Ingesting and Consuming Files

On This Page

Overview

This tutorial demonstrates how to ingest (write) a new file object to a data container in the platform, and consume (read) an ingested file, either from the dashboard or by using the Simple-Object Web API. The tutorial also demonstrates how to convert a CSV file to a NoSQL table by using the Spark SQL and DataFrames API.

The examples are for CSV and PNG files that are copied to example directories in the platform's predefined data containers. You can use the same methods to process other types of files, and you can also modify the file and container names and the data paths that are used in the tutorial examples, but it's up to you to ensure the existence of the elements that you reference.

Before You Begin

  • Follow the Working with Data Containers tutorial to learn how to create and delete container directories and access container data.

  • Note that to send web-API requests, as demonstrated in this tutorial, you need to have the URL of the parent tenant's webapi service, and either a platform username and password or an access key for authentication.
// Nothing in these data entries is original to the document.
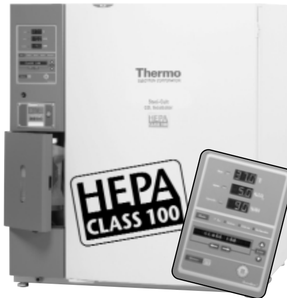
figure 1–Steri-Cult CO 2 Incubator with Class 100 Air

Class 100 air is achieved and maintained within the Series II Water Jacketed, Steri-Cycle, Steri-Cult, and Steri-Cult R CO 2 Incubators by way of our advanced incubator design and HEPA Filter Airflow System.*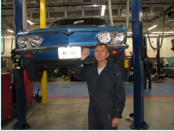
MCC Tech Session 2010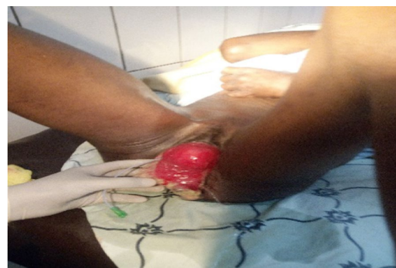
Fig. 2 Stented right ureter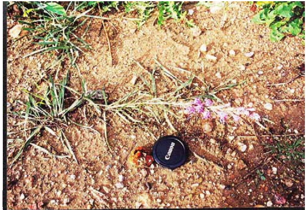
Photograph 16. Liatris punctata that was planted and flowered Summer 1999.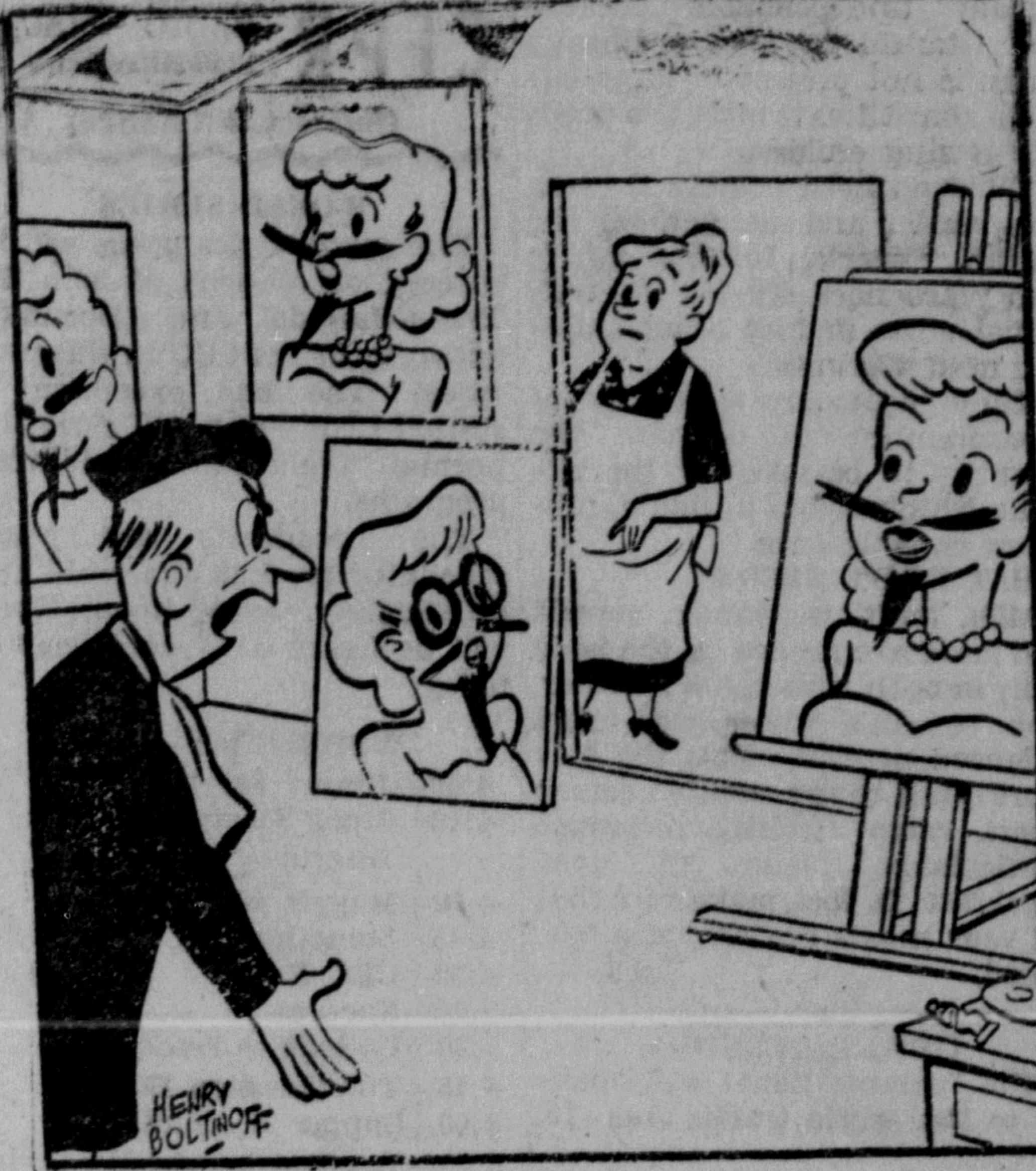
"I see that good-for-nothing brother of yours was here today!"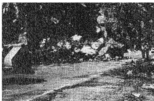
Figure 8b. Rockfall on U.S. Highway 6, Colorado.

separates from the main mass, falling to the slope below, and subsequently bouncing or rolling down the slope (Figures 9a, b).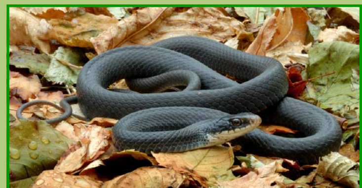
BLACK RACER Coluber constrictor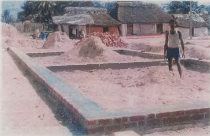
Class room building at Basement level

To learn more and to understand how to structure and secure the web-API requests, see the web-APIs reference, and especially Data-Service Web-API General Structure and Securing Your Web-API Requests. (The tutorial Postman examples use the username-password authentication method, but if you prefer, you can replace this with access-key authentication, as explained in the documentation.) To understand how data paths are set in web-API requests, see RESTful Web and Management API Data Paths.

Using the Dashboard to Ingest and Consume Files

You can easily ingest and consume files from the dashboard.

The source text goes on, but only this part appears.